Le bus gratuit a le ticket
dans l’hebdo N° 1032-1033 Acheter ce numéro
Rendre gratuits les transports en commun ! La promesse a fleuri dans plusieurs villes de France lors des municipales de mars dernier. Certaines sont déjà passées à l’acte, rejoignant des expériences pionnières. Une douzaine d’agglomérations offrent actuellement un accès gratuit à leur réseau de bus. Celle d’Aubagne, avec 93 000 habitants, est la plus importante. La ville de Châteauroux (73 000 habitants), passée à la gratuité en 2002, est souvent montrée en exemple, mais l’ancêtre, c’est Compiègne, qui a supprimé la billetterie dès 1975. Ont suivi Colomiers, Issoudun, Mayenne, Vitré, Gap.
Un pari financier ? Oui, mais très modéré, contrairement à une idée reçue : la billetterie ne couvre qu’une petite fraction du budget des transports. À peine 9 % à Aubagne ! La diminution des charges (distribution, contrôle, etc.) couvre une partie du manque à gagner. L’équilibre serait atteint avec l’augmentation (automatique) du « Versement transport » des entreprises.
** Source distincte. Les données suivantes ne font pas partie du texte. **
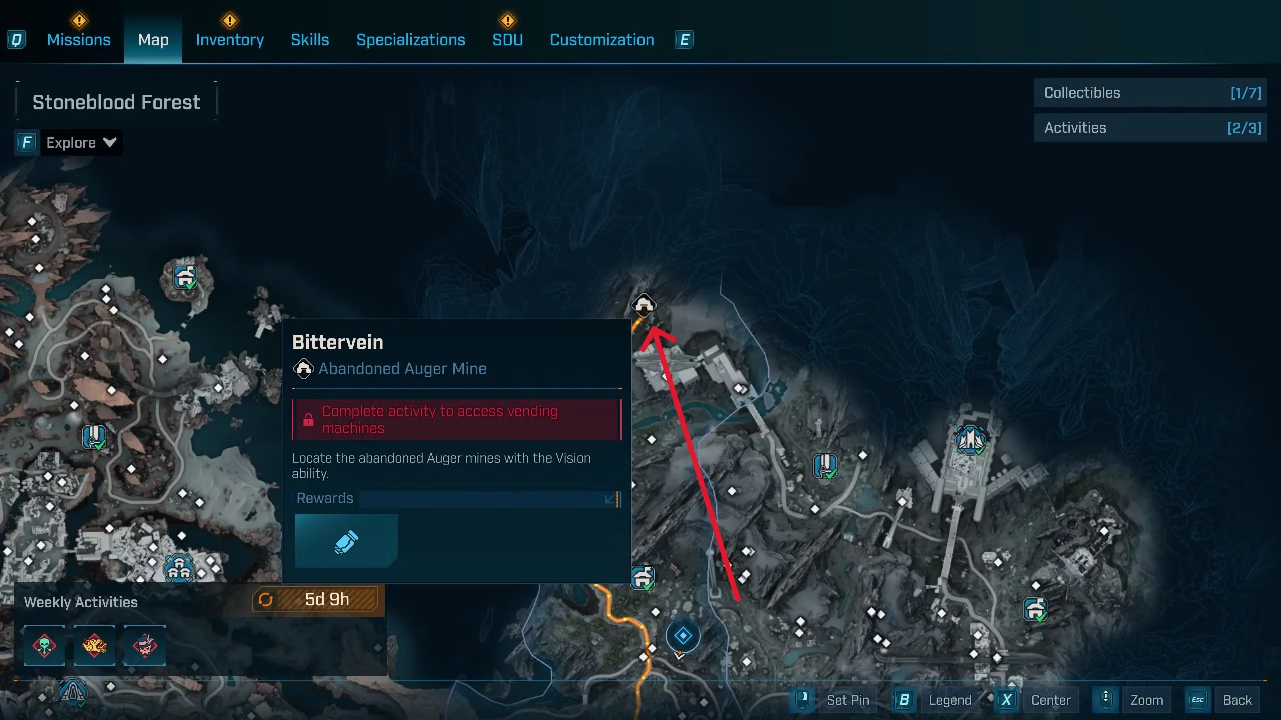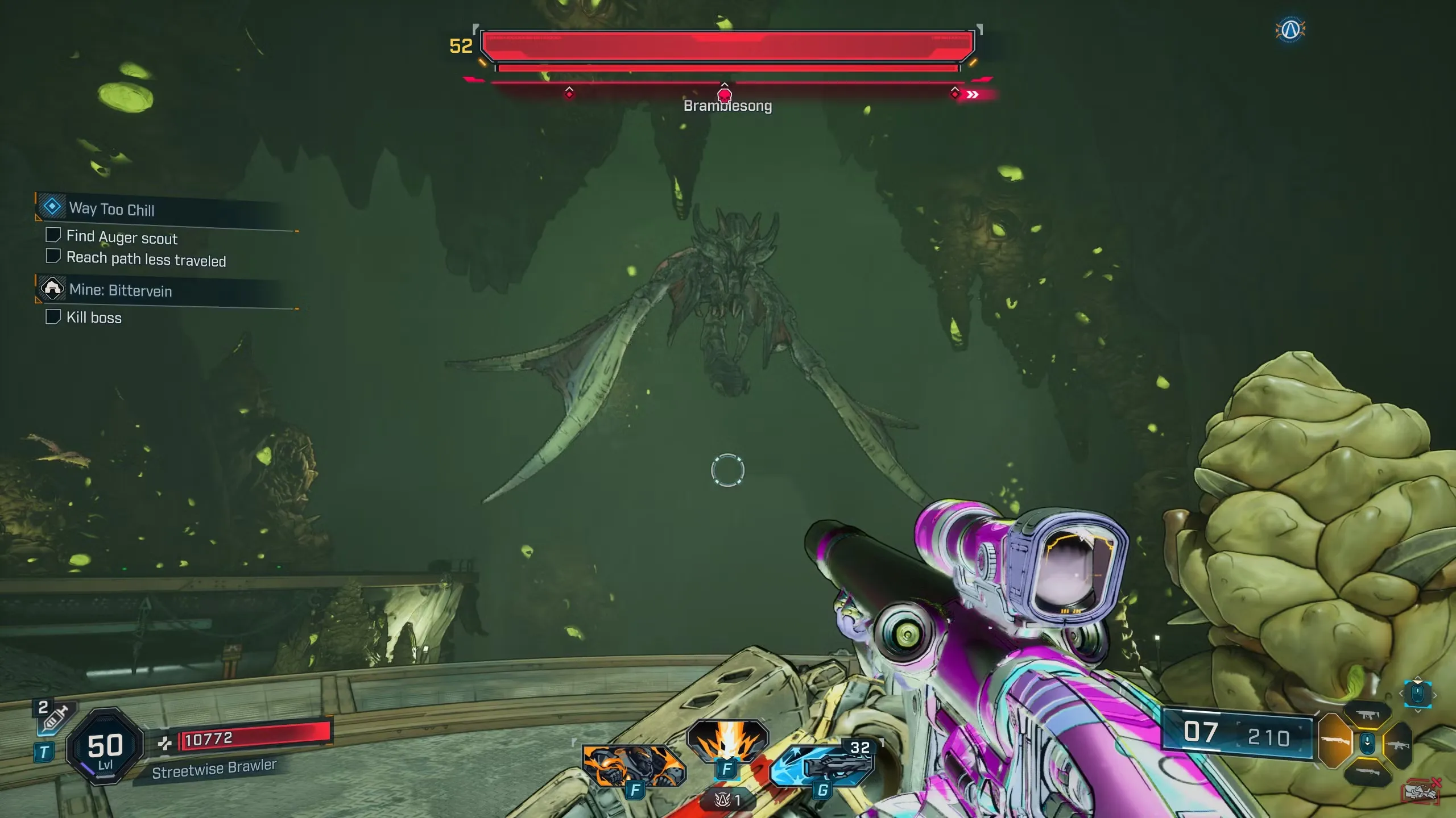 Οι παίκτες πρέπει να κατευθυνθούν στο Stoneblood Forest, στην περιοχή Terminus Range, και να βρουν το Bittervein Abandoned Auger Mine στο βόρειο τμήμα. Εκεί, βαθιά μέσα στο ορυχείο, βρίσκεται το boss Bramblesong, ένα τεράστιο kratch με κόκκινη ζωή. Όπλα μεγάλης εμβέλειας και φωτιάς είναι ιδανικά για αυτή τη μάχη.

En revanche, dans les villes de taille supérieure, la couverture plus importante des coûts par la billetterie (jusqu’à 25 %) rend la tentation de la gratuité plus périlleuse.
Effet principal de l’accès libre : il dope la fréquentation des bus. « Ce qui est un objectif sain de rentabilisation des investissements publics » , relève Olivier Louchard, du Réseau action climat. À Châteauroux, le nombre de voyages annuels par habitant est passé de 22 à 47.
De l’action sociale ? Autre idée reçue. À Châteauroux, il s’agissait d’abord de revitaliser le centre-ville. De même, la gratuité est rarement présentée comme une mesure écologique pour favoriser les transports en commun. Encore faudrait-il agir sur la part de la voiture dans les déplacements, à peine passée de 70 à 69 % à Châteauroux.
Et puis la gratuité peut devenir contre-productive, craint Jean Sivardière, à la Fédération nationale des associations d’usagers de transports (Fnaut) : « Le manque à gagner peut induire une restriction des investissements dans l’extension des réseaux, la fréquence des passages, etc. »
La gratuité des trajets reste donc souvent un simple levier de gestion, parfois réduit au gadget. La percée politique, il faut aller la chercher en Belgique, dans la ville de Hasselt (70 000 habitants). La gratuité des bus, votée il y a onze ans, a été mise au service d’un vrai projet de mobilité urbaine fondé sur un développement considérable du réseau : 2 lignes et 8 bus en 1997, 11 lignes et 46 bus en 2007, et une multiplication par 12 du trafic voyageurs.